Modalités de scolarisation

  • Appliquer le droit d’inscription à l’école pour que tous les élèves soient dans les bases élèves des établissements scolaires qu’ils fréquentent, quelles que soient leurs modalités de scolarisation. Pour les élèves scolarisés exclusivement en unités d’enseignement internes, ils doivent être inscrits dans la base élèves de leur établissement scolaire le plus proche de leur domicile qui constitue au sens de loi de février 2005 leur établissement de référence.
  • Faire évoluer les unités d’enseignement afin qu’elles soient portées par l’éducation nationale.
  • Garantir à chaque élève le droit de bénéficier d’un enseignement réalisé par un professionnel de l’éducation nationale ou de l’enseignement agricole.
  • Questionner les ULIS et la diversité de leurs modalités de fonctionnement (dispositif versus classe, critères d’admission, ULIS en réseau…).

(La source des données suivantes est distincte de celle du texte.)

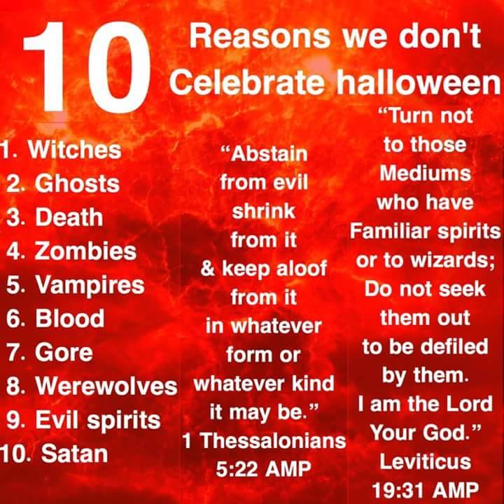 As I have noticed since a child, this holiday celebrated on the 31st of October every year seems to get more unneeded attention. I say unneeded because it is not of the will of our all mighty GOD. It does not praise GOD or give HIM the rightful thanks and glory.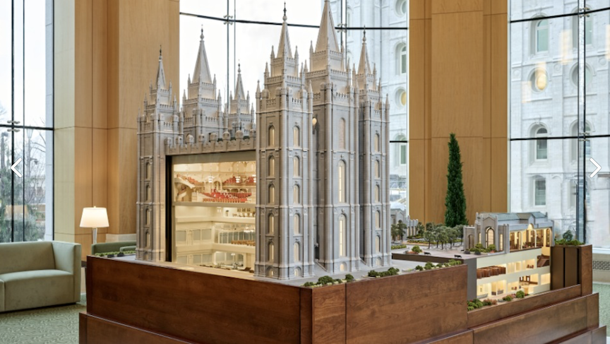 Located on the lower level, this guided 30-minute experience leads guests through full-scale replicas of sacred temple rooms, including a welcome desk, baptistry, instruction room, sealing room, and celestial room. These are not replicas of rooms in the Salt Lake Temple.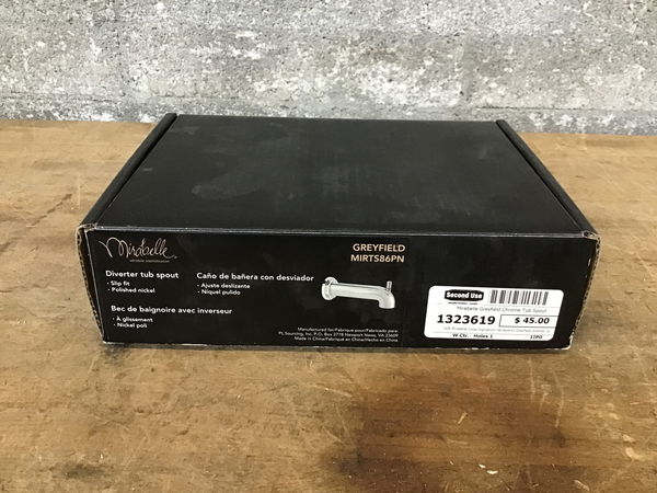 NIB Mirabelle (now Signature Hardware) Greyfield diverter tub spout in chrome. Retails for $100 at Ferguson.

En finir avec les critères d’orientation opaques, à géométrie variable, qui se retournent contre les “plus vulnérables”. 
  • Se saisir de la “fenêtre démographique” (locaux libérés, effectifs en baisse…) pour permettre la diminution du nombre d’élèves par classe, permettre l’utilisation des locaux (salle de répit, salle pour les interventions de professionnels libéraux ou du médico-social) et promouvoir les expérimentations locales, tout en les encadrant et en les évaluant avant généralisation.
  • Réviser les annexes XXIV, le CNCPH a déjà fait des propositions en ce sens
  • Revoir et faciliter le régime des autorisations d’intervention en milieu scolaire. 

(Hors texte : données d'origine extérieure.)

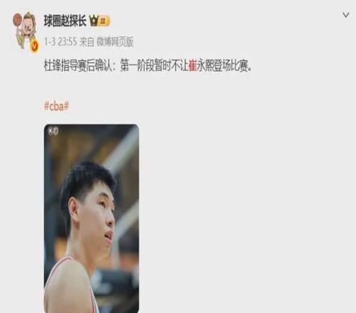 本赛季崔永熙选择把天赋带回CBA,并被广州队交易到了广东队,但如上所述他的伤病还没有完全好利落,预计今年三月中旬才会复出。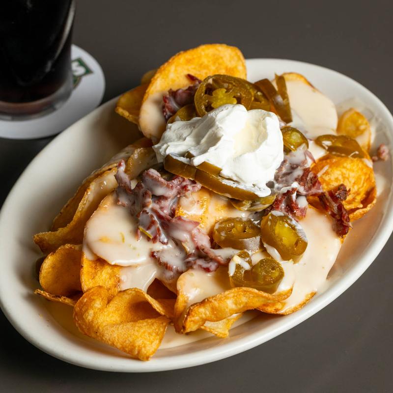 Topped with corned beef beer cheese, jalapenos and sour cream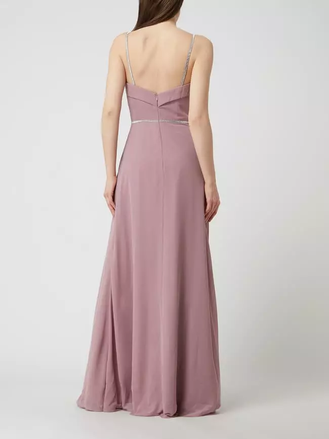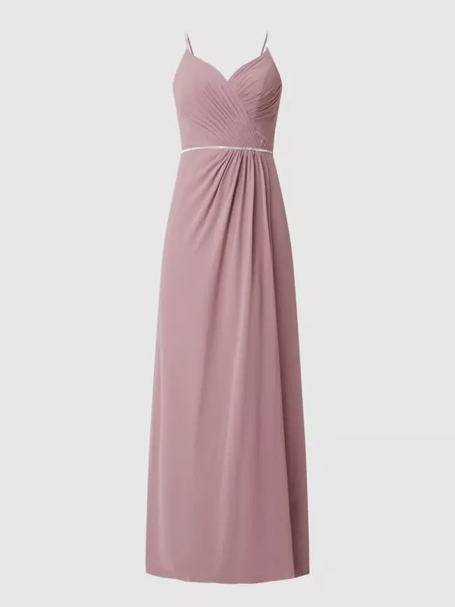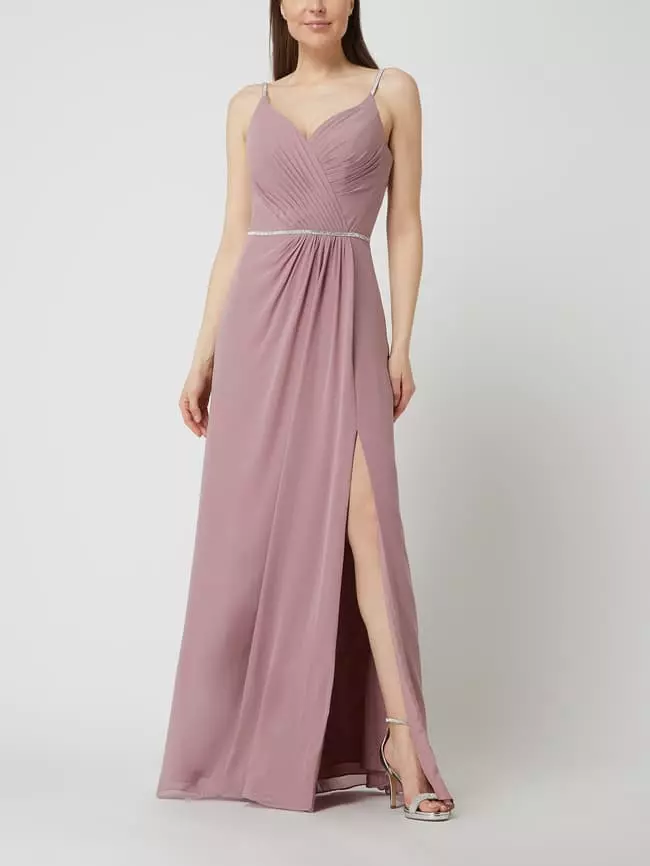 Das Abendkleid von LUXUAR FASHION ist aus strapazierfähigem Material gefertigt und tailliert geschnitten. Es kommt mit Spaghettiträgern, Raffungen und Herzausschnitt sowie Ziersteinen.

Parcours et place des jeunes et des familles

  • Garantir la mise en œuvre des adaptations et compensations en accompagnant leur mise en œuvre et en les rendant opposables.
  • Proposer des modalités de scolarisation souples et diversifiées selon les besoins de l’élève et les souhaits exprimés par les familles.
  • Fluidifier les parcours en s’appuyant sur un fonctionnement médico-social en dispositif clarifié (logique territoriale et inter-opérateur) et des articulations avec l’éducation nationale repensées, en respectant toujours le droit des familles.
  • Créer un cadre national homogénéisé pour permettre les interventions par des libéraux pour les familles qui ont recours à ce mode d’accompagnement.  
  • Offrir un cadre d’élaboration et de co-construction du projet associant toutes les parties prenantes, en reconnaissant l’expertise des parents et des jeunes. 

Cette contribution constitue un cadre permettant l’intervention des représentants du CNCPH dans les concertations en cours et à venir. Elle n’a pas vocation à traiter l’intégralité des sujets. D’autres contributions, spécifiques, le permettront.